So attack Pakistan, sure but "invade Pakistan", I don't think so.

PS. We have many non-military methods as well we can use to apply pressure to Pakistan to bring them to terms - financial sanctions, for example.

jmm99
07-15-2013, 04:37 PM
You deserve the same candor from me.

My worldview is very different from yours; but also very different from that of the Bush II and Obama admins (one might as well also include the Bush I and Clinton admins). I don't believe in the New World Order or in US global hegemony; and I would limit US force projection out to our Atlantic and Pacific far littorals, except in exigent circumstances.

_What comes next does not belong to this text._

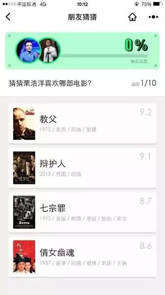 用户从40个电影里选10个,让朋友猜最喜欢的是哪十个。但有时用户会发现,那些不熟悉的人反而是灵魂知己,结果造成了很多分手的惨剧,但有时也带来了很多意外惊喜。
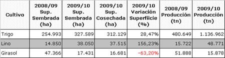 El siguiente cuadro compara los datos estadísticos finales de trigo, lino y girasol de las dos últimas campañas agrícolas en Entre Ríos.

UBL was an "exigent circumstance", whose death (and those of his subordinates who happened to be caught in the net) were justified for reasons of retribution, reprobation and specific deterrence. No doubt, one can go far beyond UBL and his immediate associates to argue that a number of groups and nations are "worthy" of inclusion within the scope of the 2001 AUMF because of their support of AQ and associated groups (e.g., the Taliban).

I believe that the US has achieved militarily what it can achieve in the Muslim World. So, I'd leave Eurasia and Africa to those who live there. Hence, no point exists for you and me to argue about operational and tactical military details - as to which I have no particular expertise anyway.

Regards

Mike

omarali50
07-15-2013, 04:48 PM
Peter, i was being facetious.
I am not sanguine about the prospects of "our" victory in Afghanistan http://www.3quarksdaily.com/3quarksdaily/2011/10/what-if-we-win.html

Peter Dow
12-09-2013, 01:27 AM
You deserve the same candor from me.

My worldview is very different from yours; but also very different from that of the Bush II and Obama admins (one might as well also include the Bush I and Clinton admins). I don't believe in the New World Order or in US global hegemony; and I would limit US force projection out to our Atlantic and Pacific far littorals, except in exigent circumstances.
From sea to shining sea and leave empires like the British, Japanese, German, Russian to fight for global domination, huh?

That's a very different worldview from FDR too.

It's not a good plan Mike because the empire that finally achieves hegemony over the rest of the world would eventually come for the USA and then you'd be on your own.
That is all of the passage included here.